Skip site navigation (1)Skip section navigation (2)
Date:      Sun, 10 Oct 2004 18:19:11 -0700
From:      Roisin Murphy <Roisin.Murphy@gmail.com>
To:        freebsd-hardware@freebsd.org
Subject:   sata raid & write cache state
Message-ID:  <b21e6cca041010181932879aeb@mail.gmail.com>

next in thread | raw e-mail | index | archive | help
hi

I'm thinking of setting up a raid array with sata disks
so far this intel controller seems to be winning :) 
http://www.intel.com/design/servers/RAID/SRCS16/

the handbook says: 11.12.1.5 hw.ata.wc
FreeBSD 4.3 flirted with turning off IDE write caching. This reduced
write bandwidth to IDE disks but was considered necessary due to
serious data consistency issues introduced by hard drive vendors. The
problem is that IDE drives lie about when a write completes. With IDE
write caching turned on, IDE hard drives not only write data to disk
out of order, but will sometimes delay writing some blocks
indefinitely when under heavy disk loads. A crash or power failure may
cause serious file system corruption. FreeBSD's default was changed to
be safe. Unfortunately, the result was such a huge performance loss
that we changed write caching back to on by default after the release.
You should check the default on your system by observing the hw.ata.wc
sysctl variable. If IDE write caching is turned off, you can turn it
back on by setting the kernel variable back to 1. This must be done
from the boot loader at boot time. Attempting to do it after the
kernel boots will have no effect.

well, this is what i also heard from a friend of mine, that he has
seen too many dead ide raid setups, because of that ata command set,
that has no way to tell the state of the write cache content.

1. now, the question is, is this the same with the SATA command set?
or is sata more like scsi in this respect?

2. i haven't read much about raid controllers yet, but i would think
that with a proper hardware raid5 controller, there's no need for
write cache being enabled on the actual disks, as the controller with
its cache could optimize the disk writes. Is this so? does a proper
hardware raid controller switch the cache off on its disks?
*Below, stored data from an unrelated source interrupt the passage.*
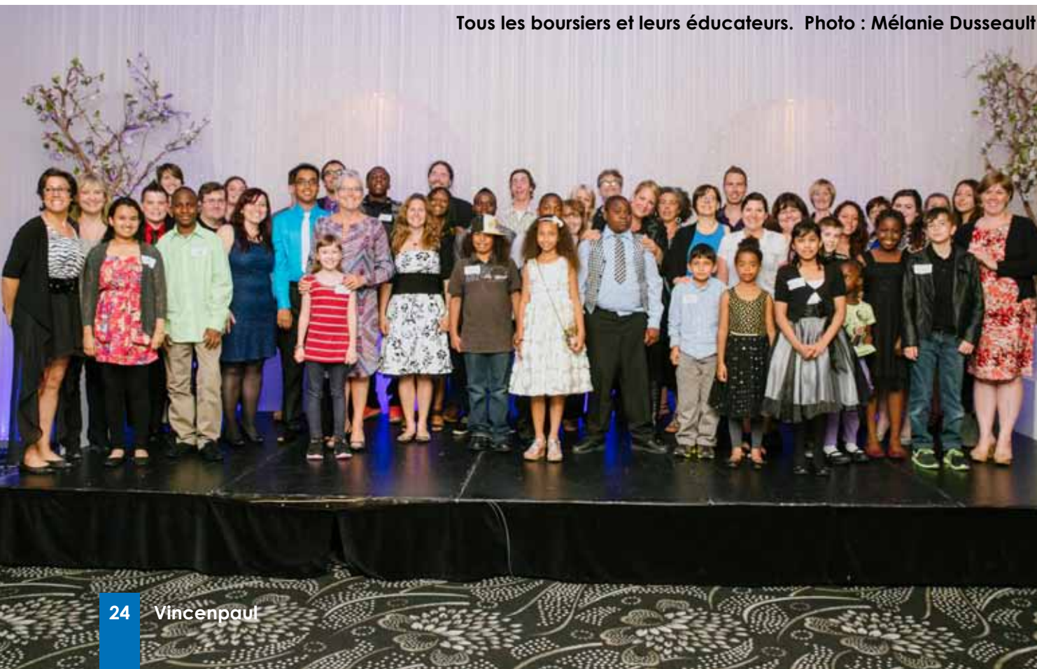
Tous les boursiers et leurs éducateurs.
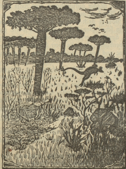
Wo ist der Australier?

Seder Abonnent dieses Blattes, der den Australier auf obigem Bild entdeckt und nachzeichnet, dann diese Lösung an uns einsendet, erhält das prächtige Vierfarbendruckbild
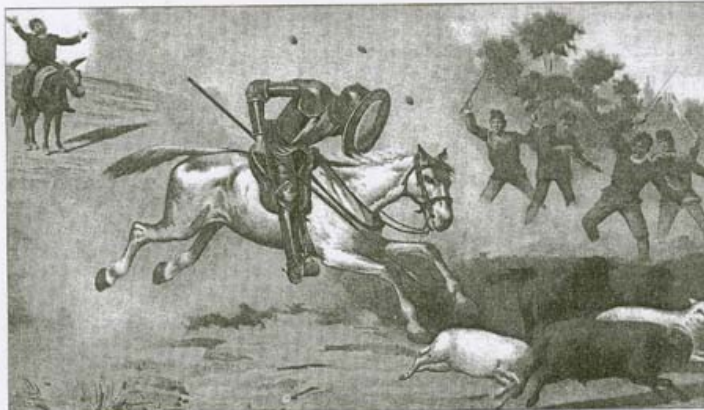
►► Escena: ► El ataque de don Quijote a las ovejas, en la versión de J. Alaminos, 1887.

La imagen de Alonso Quijano se ha mantenido casi invariable
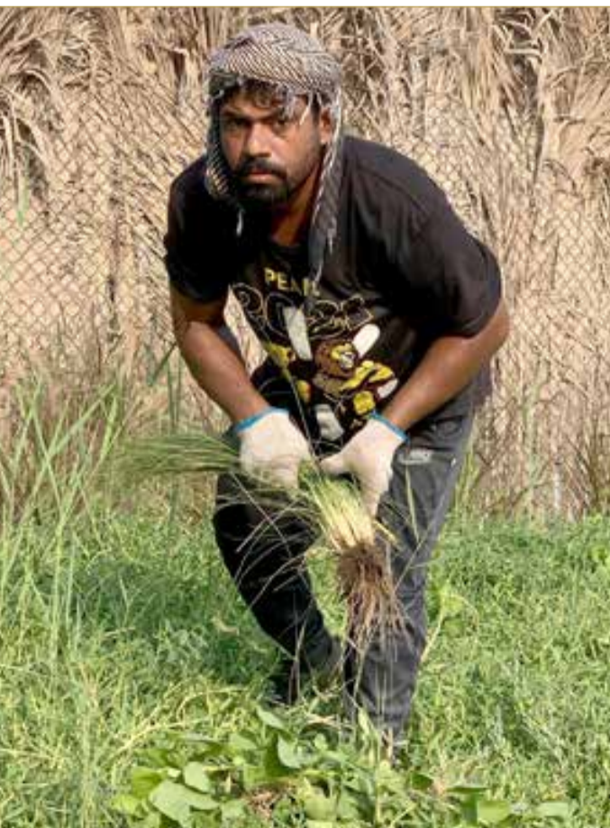
معذور.. قواك الله
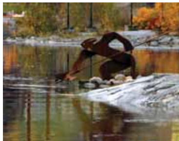
Kjerrakall'n i Steinkjerelva
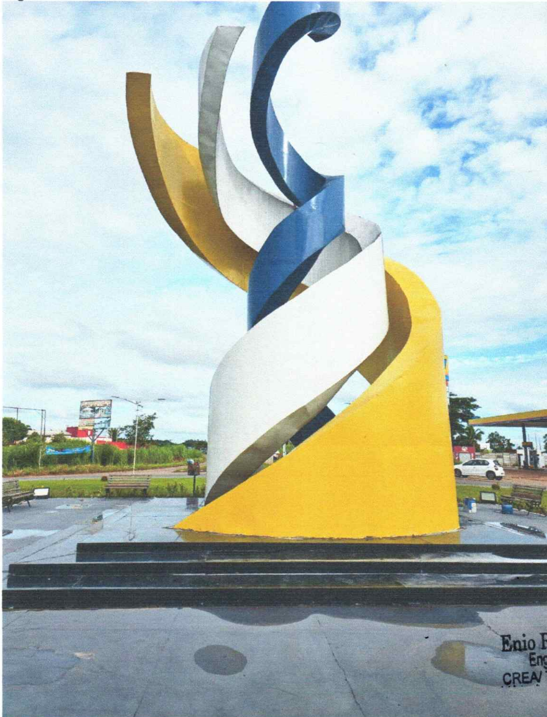
Figura 02 - PORTAL MONUMENTO EM AUGUSTINÓPOLIS – TO

ESTADO DO TOCANTINS PREFEITURA MUNICIPAL DE AUGUSTINÓPOLIS Rua Dom Pedro I, nº 352, Centro – Augustinópolis -TO
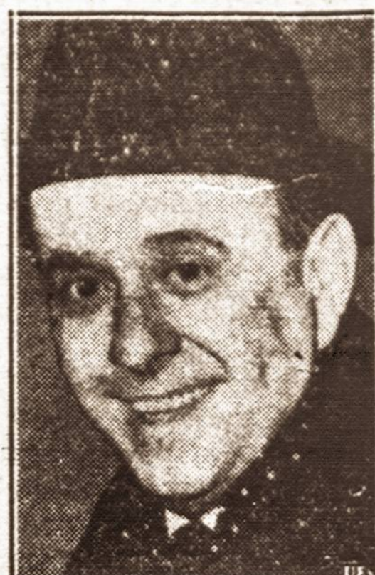
Masaryko sūnus. — Pirmojo Čekoslovakijos respublikos Prezidento Masaryko sūnus Jan, kuris neseniai atvyko į Jungtines Amerikos Valstybes. Čia jis gyvens kurį laiką.

KAUNAS. — Lietuvos eksportui padidinti ir jam paskatinti yra iškilęs reikalas įsteigti eksporto fondą. Dabartinio metu Pr., pram. ir amatų rūmai tiria, kaip šis fondas turėtų būti sudarytas ir kaip jis eksportą turėtų paremti. Eksporto fondui įsteigti bus išleistas atskiras įstatymas.
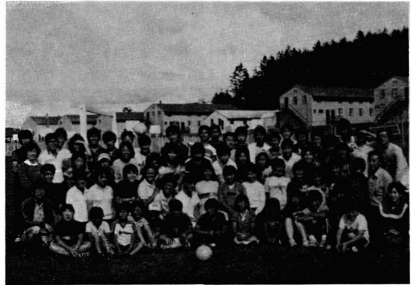
「미국속의 한국인」 청소년 하기 캠프

3. Is this the case with scsi also? if the disk could fully report
write cache state, the array couldn't mess up/die like they report it
with ide raid setups, right? is the disk write cache enabled on scsi
raid5 setups?

4. with that intel SRCS16 controller, would hw.ata.wc sysctl work?
could i turn the cache off on my sata disks like that? or do i need
that manufacturer DOS floppy with utilities to turn the defaults
on/off on my disks? (ideally the controller would take care of this)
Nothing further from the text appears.